Last season i did not take my dslr when i went skiing, but this year i want to have it with me.
As I really don't want to damage it in case of a fall, i'm searching for a (hard) case to fit my 70d with attached 24mm or 40mm pancakes, as i don't really want to take the sigma 17-70 because of the total size.

I was thinking to get something like a semi-hard case, like the ones for compact cameras or portable hard-drives, of course one that would fit the 70d (if there is such thing).

Do you have any suggestions?
How do you take your dslr for skiing?

Thanks


----------



## Don Haines (Nov 20, 2014)

andrei1989 said:


> Hi all,
> 
> Last season i did not take my dslr when i went skiing, but this year i want to have it with me.
> As I really don't want to damage it in case of a fall, i'm searching for a (hard) case to fit my 70d with attached 24mm or 40mm pancakes, as i don't really want to take the sigma 17-70 because of the total size.
> ...


The gold standard are the Pelican cases.

http://www.pelican-case.com/photincas.html

They also have the storm line which has much easier to operate latches.... browse through the website and see what fits your needs...


----------



## andrei1989 (Dec 1, 2014)

so after looking at almost all pelican cases, i found nothing to fit my needs, they were either too thin or too large to comfortably carry in a backpack

what i got is this:
http://www.amazon.de/gp/product/B009LLVHR4?psc=1&redirect=true&ref_=oh_aui_detailpage_o00_s00

the 70d with a pancake lens will fit with some room left. with attached sigma 17-70C it's a really tight fit so most likely with the 18-55 kit lens it will also fit good


----------



## Don Haines (Dec 1, 2014)

andrei1989 said:


> so after looking at almost all pelican cases, i found nothing to fit my needs, they were either too thin or too large to comfortably carry in a backpack
> 
> what i got is this:
> http://www.amazon.de/gp/product/B009LLVHR4?psc=1&redirect=true&ref_=oh_aui_detailpage_o00_s00
> ...


looks good!

If you are looking for protection for a lens, you can either go for the lightweight series of the beta-shell, or you can do what I do to protect my camping stove... It is one of those MSR whisperlite stoves (30 years old and still going strong) that has the pump assembly in the fuel bottle... Get a good bottle of 12 (or more) year old scotch that has a protective cardboard tube for the bottle.... enjoy the scotch, place the fuel bottle/pump in the tube, snap the lid back in place, and away you go....

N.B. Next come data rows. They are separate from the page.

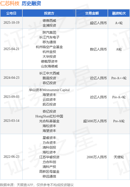 证券之星消息,根据天眼查APP于10月19日公布的信息整理,仁芯致远(杭州)半导体科技有限公司A+轮融资,融资额超亿人民币,参与投资的机构包括德赛西威,金浦投资。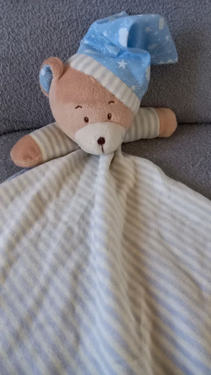 Grand doudou lange ours bleu blanc rayés- bonnet de nuit - photo numéro 2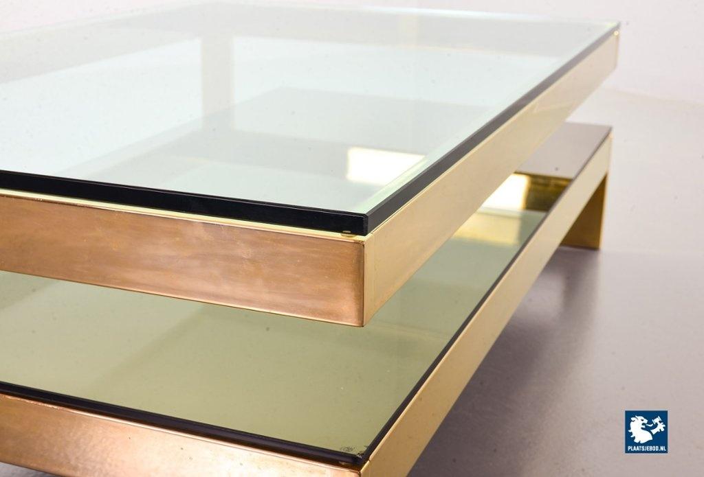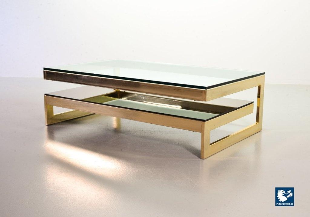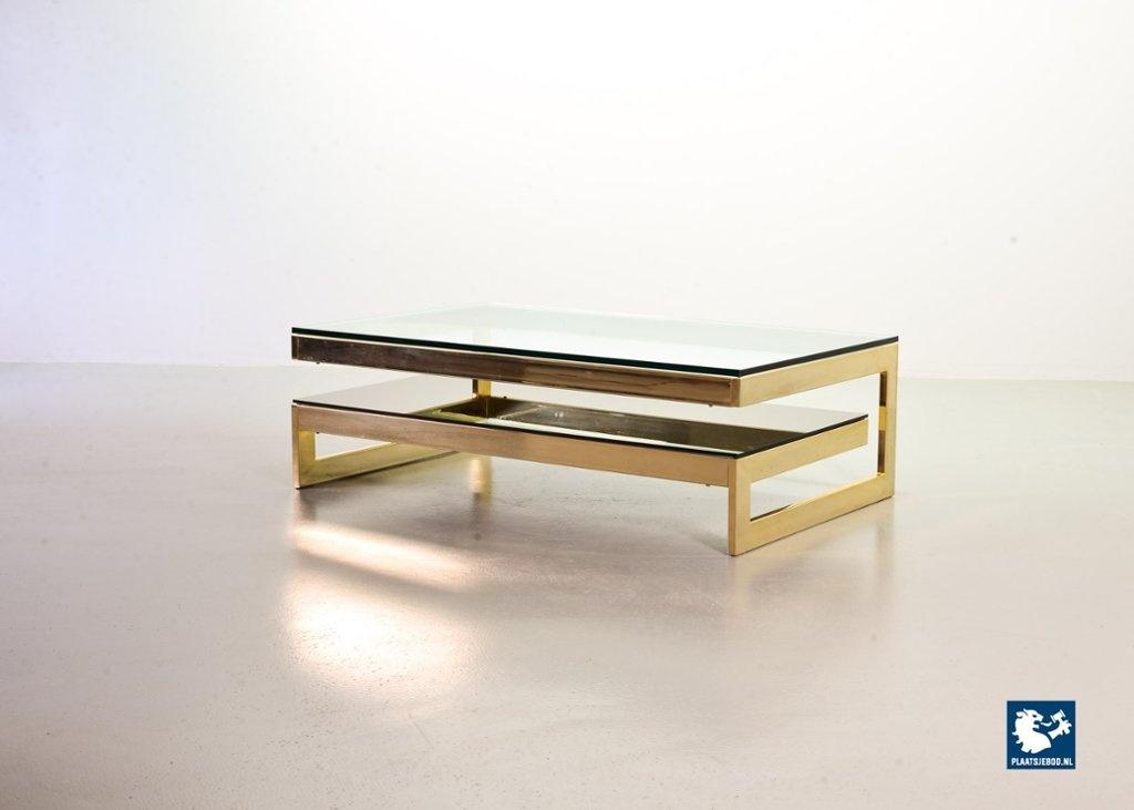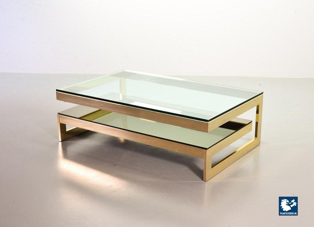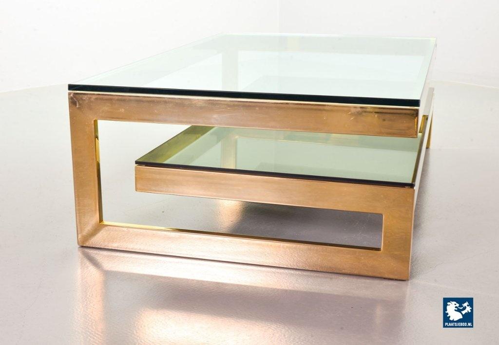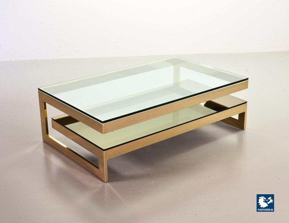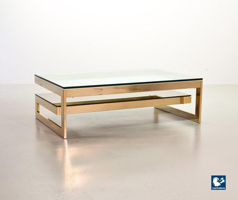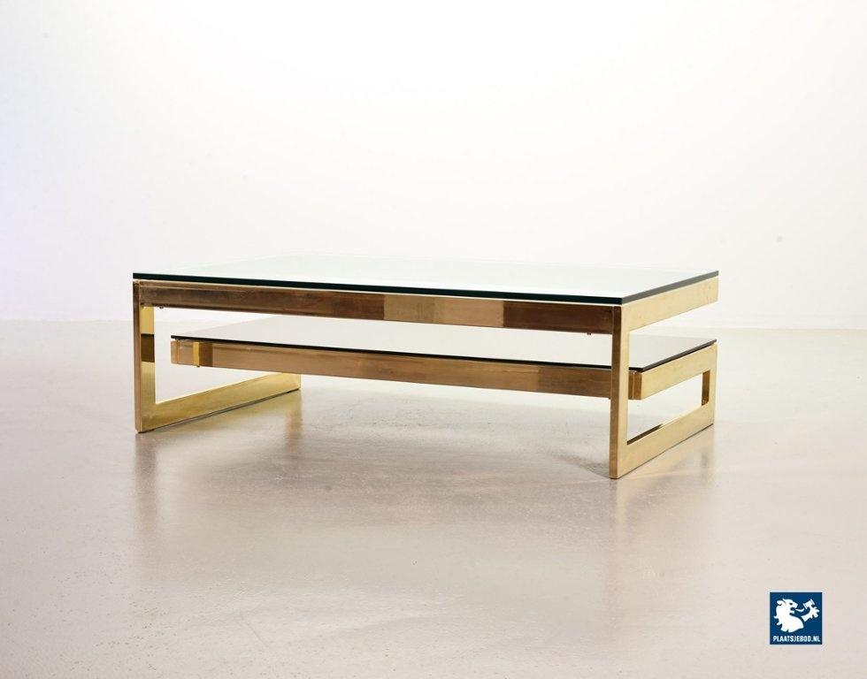 Lot 305-059-CT009-1-S3: Hollywood Regency Belgo-Chrom Architectural G-Table 23-Carat Goldplated with Glass Tops. Belgium, 1970s.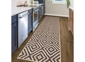 Läufer Stufenmatten Wohnen Wohntextilien Teppiche - - Unser Jute-Diamantteppich wurde aufwendig aus strapazierfähiger Jute gewebt. Fachmännisch aus gefärbter Jute gefertigt, um ein subtiles geometrisches Muster zu schaffen. Dieses Statement-Stück wurde mit einem passenden Polyesterrand versehen, um Ihrem Teppich ein hochwertiges Finish zu verleihen, das die Zeit überdauern wird. Ein geringer Faserverlust ist normal. Ziehen Sie nicht an losen Fasern, sondern schneiden Sie sie einfach mit einer Schere ab. Verschüttete Flüssigkeiten sofort mit einem sauberen, trockenen, weißen Tuch abtupfen. Wenn Sie Reinigungsmittel für Ihren Teppich verwenden, testen Sie diese zunächst an einer unauffälligen Stelle auf Farbveränderungen. Rollen Sie Ihren Teppichstapel 24 Stunden lang erneut aus, um das Aufrollen zu verhindern. Regelmäßig wenden, um eine gleichmäßige Abnutzung zu gewährleisten. Sicher für den Einsatz mit rutschfester Rückseite auf beheiztem Boden. Verwenden Sie einen Staubsauger mit Saugfunktion - rotierende Bürsten können diesen Teppich beschädigen., Maßangaben: Breite: 60 cm, Länge: 600 cm, Höhe: 4 mm, Konfektion: Fixmaß, Gewicht: 1,6, Farbe Material: Farbbezeichnung: schwarz, Material: Jute, Rückenmaterial: Latex, Materialeigenschaften: robust, Optik/Stil: Design: Sisal-Optik, gemustert, Motiv: Rauten, Designerstellungsart: handgewebt, Ausstattung Funktionen: Fußbodenheizungsgeeignet: ja, Oberflächenbeschaffenheit: robust strapazierfähig, Wendeteppich: nein, ... Ein großer Sisal-Teppich aus Naturfasern mit rutschfester Unterseite, ideal für Wohnzimmer oder Schlafzimmer. ![]() ![]() Lord of Rugs Sisal-Teppich, natürliches Gewebe, rutschfest, Flachgewebe, Baumwolle, eingefasst, Wohnzimmer, Küche, Schlafzimmer, Flur, Schwarz, Größe L, 160 x 230 cm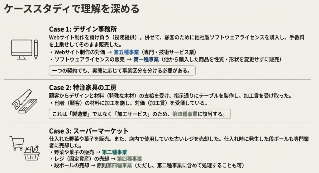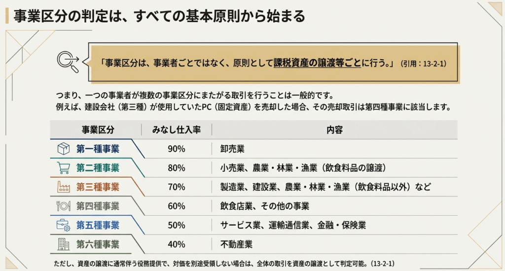 これらの基本原則を踏まえ、次章からは各事業区分の詳細な判定基準と例外規定について掘り下げていきます。

You can do the same with a lens, just find the right size scotch to fit your lens


----------



## lintoni (Dec 1, 2014)

Don Haines said:


> looks good!
> 
> If you are looking for protection for a lens, you can either go for the lightweight series of the beta-shell, or you can do what I do to protect my camping stove... It is one of those MSR whisperlite stoves (30 years old and still going strong) that has the pump assembly in the fuel bottle... Get a good bottle of 12 (or more) year old scotch that has a protective cardboard tube for the bottle.... enjoy the scotch, place the fuel bottle/pump in the tube, snap the lid back in place, and away you go....
> 
> *You can do the same with a lens, just find the right size scotch to fit your lens *


If you're wise, you'll get the wrong size bottle first time.


----------